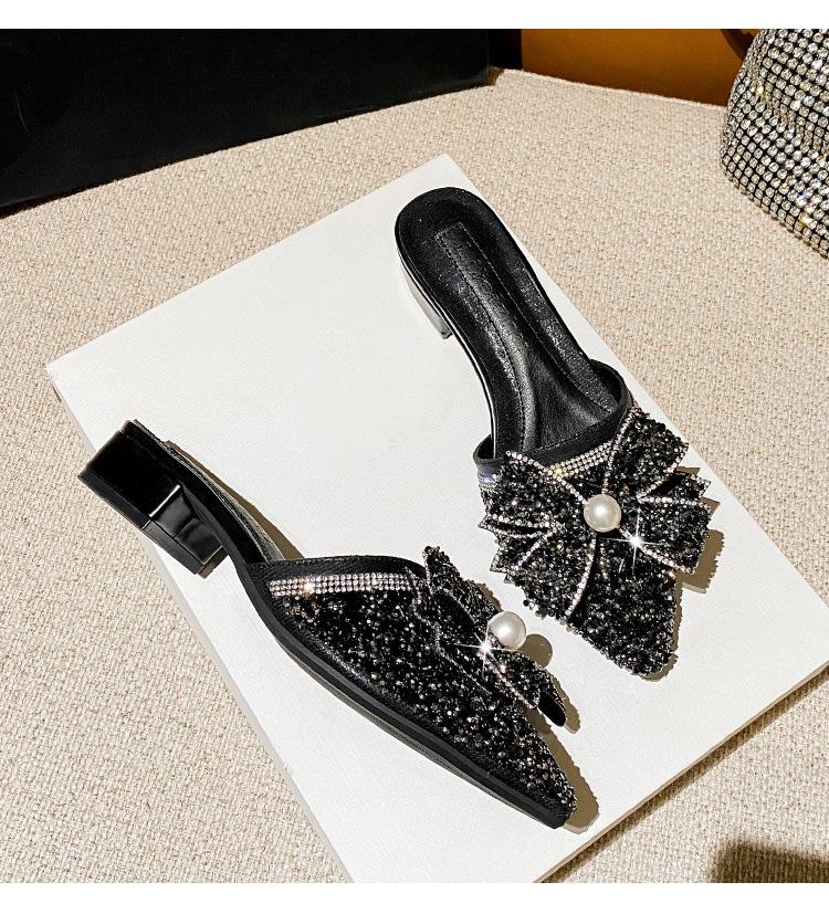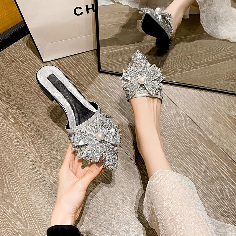 2024 Летняя новая обувь для женщин Красивые тапочки для девочек с бантом и жемчугом Повседневные сандалии для девочек на каблуках Мюли Туфли
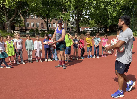 In dieser Woche hatten wir erneut Besuch von den Jugendtrainern der Rugbyunion Hohen Neuendorf. Die Jugendtrainer brachten dieses Mal den kleineren Klassen ihren Sport näher. Alle Beteiligten hatten großen Spaß und über den Schulhof schallte es jeden Tag von der ersten bis zur vierten Stunden fröhlich. Vielen Dank an die Trainer und das Organisationsteam! Dies war bestimmt nicht der letzte Besuch bei uns.
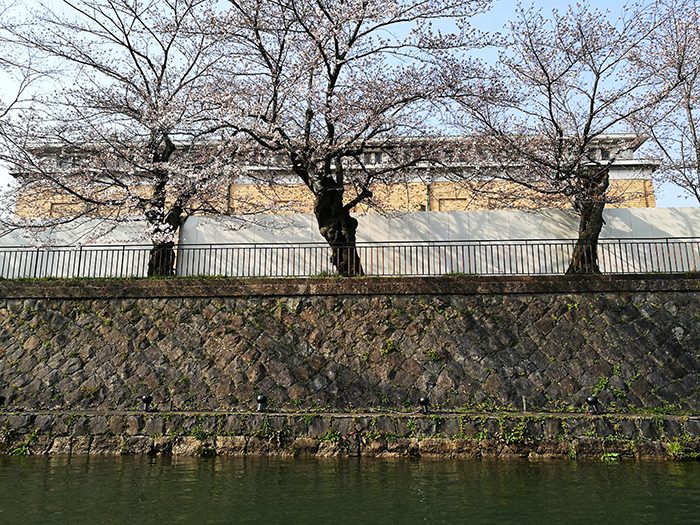 ただいま再整備工事中のため閉館している京都市美術館。石垣に落ちる桜の影が綺麗でした。
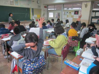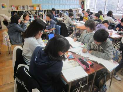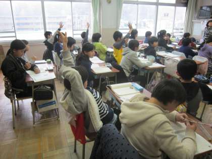 5年国語科「わらぐつの中の神様」 登場人物の人柄、ものに対する見方・考え方について一人一人考え、話し合いながら学習していました。
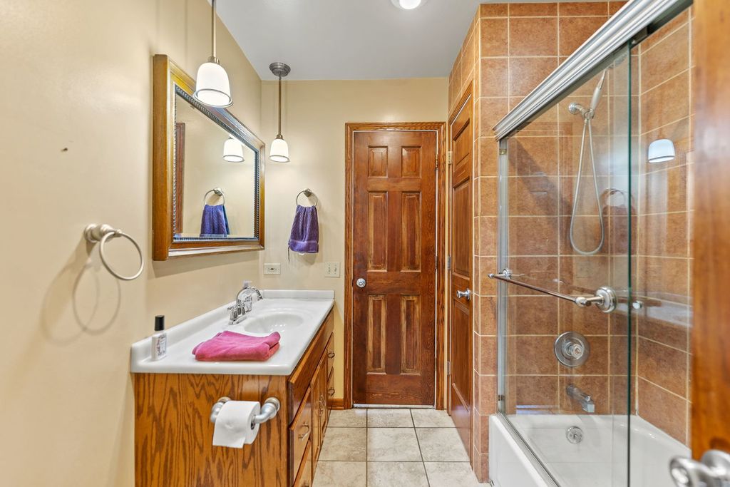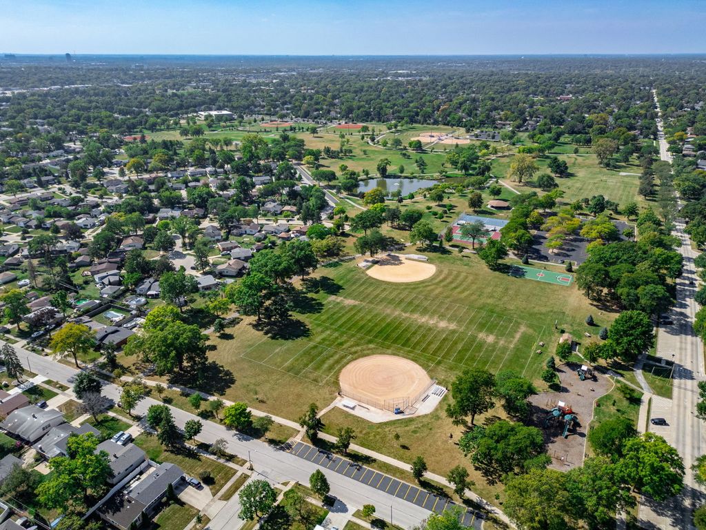 Welcome to this inviting 3 bed, 2 bath family home, ideally located on a quiet, tree-lined street in the heart of Lombard. Perfectly positioned on a premium lot, the home sits directly beside Madison Meadows Park-offering unmatched access to trails, playgrounds, athletic fields, and an 18-hole disc golf course. Step inside to a bright and open floor plan with flexible living space to suit a variety of lifestyles. The spacious eat-in kitchen is the heart of the home, featuring a skylight that fills the room with natural light throughout the day. Just off the kitchen is the main living area that is a perfect spot for relaxing or entertaining, complete with a cozy fireplace and a full bathroom nearby. Upstairs, you'll find three generously sized bedrooms, each with ample closet space, and a full bathroom conveniently located on the bedroom level. The finished basement offers even more room to spread out, with space for recreation, an additional storage room, laundry area, and crawl space. Basement floors and walls were refinished in 2022 with sealed and finished concrete for a fresh and clean look. Enjoy outdoor living in the large backyard, featuring an above-ground pool, ideal for summer fun and entertaining guests! Recent updates include: Roof, siding, and gutters (2019), AC unit (2021), New Quartz Counters and Sink in kitchen (2021), New iron entry gate (2025). Conveniently located near local shopping, dining, and all the amenities Lombard has to offer. Do not miss the opportunity to own this beautifully cared for home in one of Chicago's most sought-after suburbs, perfectly situated near parks, shopping, and more.
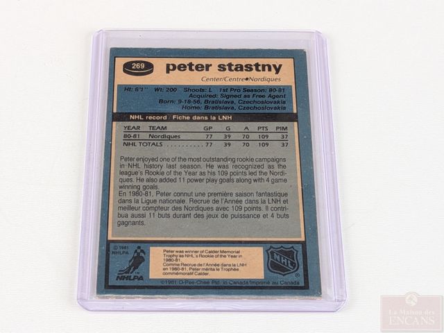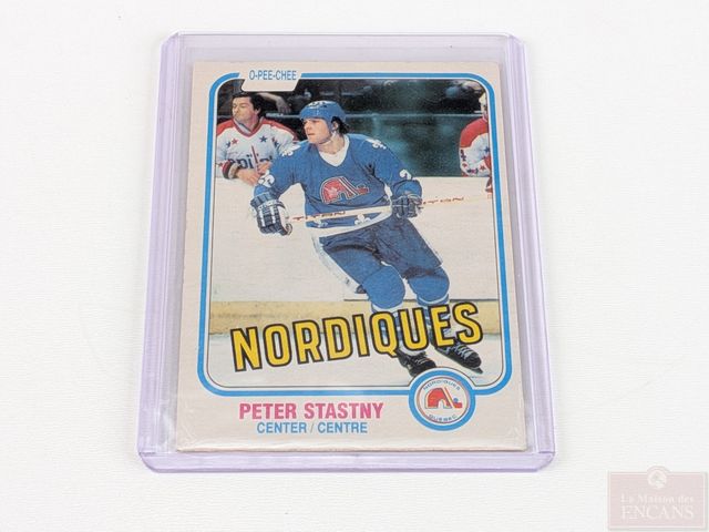 Carte O-Pee-Chee Peter Stastny 1981 avec rondelle de hockey officielle des Nordiques de Québec 1980
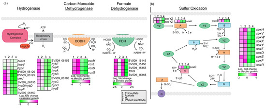 Genes involved in oxidation of inorganic compounds as a source of reducing power and their expression analysis via RNASeq. (a) nickel-dependent hydrogenase, carbon monoxide dehydrogenase, and formate dehydrogenase and their expression based on RNASeq. (b) sulfur oxidation pathway [33] and expression of the putative genes based on RNASeq. Heatmaps describe expression of four modes of metabolism (thiosulfate, acetate, H2, and pEEU) compared to aerobic growth. (a) CODH (carbon monoxide dehydrogenase), FDH (formate dehydrogenase), CO (carbon monoxide), HCOO− (formate) (b) Q (quinone pool).
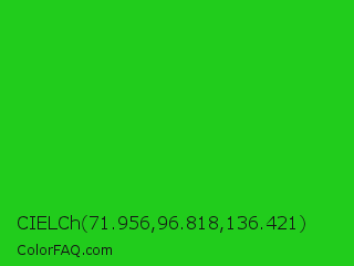 CIELCh 71.956,96.818,136.421 Color is a normal green color and the nearest color is Lime Green #32cd32. Hex code #21cc1c and RGB value is rgb(33,204,28). In RGB color space, this color is composed of 13% red, 80% green, 11% blue, In CMYK color space, this color is composed of 84% cyan, 0% magenta, 86% yellow , 20% black , In HSL color space, this color has a hue angle of 118° , 76% saturation and 45% lightness.

━━━━━━━━

*What needs to be done*: Word for word, copy every line of the data, excluding any pictures.

*Output below*:
 2024 Летняя новая обувь для женщин Красивые тапочки для девочек с бантом и жемчугом Повседневные сандалии для девочек на каблуках Мюли Туфли
 In dieser Woche hatten wir erneut Besuch von den Jugendtrainern der Rugbyunion Hohen Neuendorf. Die Jugendtrainer brachten dieses Mal den kleineren Klassen ihren Sport näher. Alle Beteiligten hatten großen Spaß und über den Schulhof schallte es jeden Tag von der ersten bis zur vierten Stunden fröhlich. Vielen Dank an die Trainer und das Organisationsteam! Dies war bestimmt nicht der letzte Besuch bei uns.
 ただいま再整備工事中のため閉館している京都市美術館。石垣に落ちる桜の影が綺麗でした。
 5年国語科「わらぐつの中の神様」 登場人物の人柄、ものに対する見方・考え方について一人一人考え、話し合いながら学習していました。
 Welcome to this inviting 3 bed, 2 bath family home, ideally located on a quiet, tree-lined street in the heart of Lombard. Perfectly positioned on a premium lot, the home sits directly beside Madison Meadows Park-offering unmatched access to trails, playgrounds, athletic fields, and an 18-hole disc golf course. Step inside to a bright and open floor plan with flexible living space to suit a variety of lifestyles. The spacious eat-in kitchen is the heart of the home, featuring a skylight that fills the room with natural light throughout the day. Just off the kitchen is the main living area that is a perfect spot for relaxing or entertaining, complete with a cozy fireplace and a full bathroom nearby. Upstairs, you'll find three generously sized bedrooms, each with ample closet space, and a full bathroom conveniently located on the bedroom level. The finished basement offers even more room to spread out, with space for recreation, an additional storage room, laundry area, and crawl space. Basement floors and walls were refinished in 2022 with sealed and finished concrete for a fresh and clean look. Enjoy outdoor living in the large backyard, featuring an above-ground pool, ideal for summer fun and entertaining guests! Recent updates include: Roof, siding, and gutters (2019), AC unit (2021), New Quartz Counters and Sink in kitchen (2021), New iron entry gate (2025). Conveniently located near local shopping, dining, and all the amenities Lombard has to offer. Do not miss the opportunity to own this beautifully cared for home in one of Chicago's most sought-after suburbs, perfectly situated near parks, shopping, and more.
 Carte O-Pee-Chee Peter Stastny 1981 avec rondelle de hockey officielle des Nordiques de Québec 1980
 Genes involved in oxidation of inorganic compounds as a source of reducing power and their expression analysis via RNASeq. (a) nickel-dependent hydrogenase, carbon monoxide dehydrogenase, and formate dehydrogenase and their expression based on RNASeq. (b) sulfur oxidation pathway [33] and expression of the putative genes based on RNASeq. Heatmaps describe expression of four modes of metabolism (thiosulfate, acetate, H2, and pEEU) compared to aerobic growth. (a) CODH (carbon monoxide dehydrogenase), FDH (formate dehydrogenase), CO (carbon monoxide), HCOO− (formate) (b) Q (quinone pool).
 CIELCh 71.956,96.818,136.421 Color is a normal green color and the nearest color is Lime Green #32cd32. Hex code #21cc1c and RGB value is rgb(33,204,28). In RGB color space, this color is composed of 13% red, 80% green, 11% blue, In CMYK color space, this color is composed of 84% cyan, 0% magenta, 86% yellow , 20% black , In HSL color space, this color has a hue angle of 118° , 76% saturation and 45% lightness.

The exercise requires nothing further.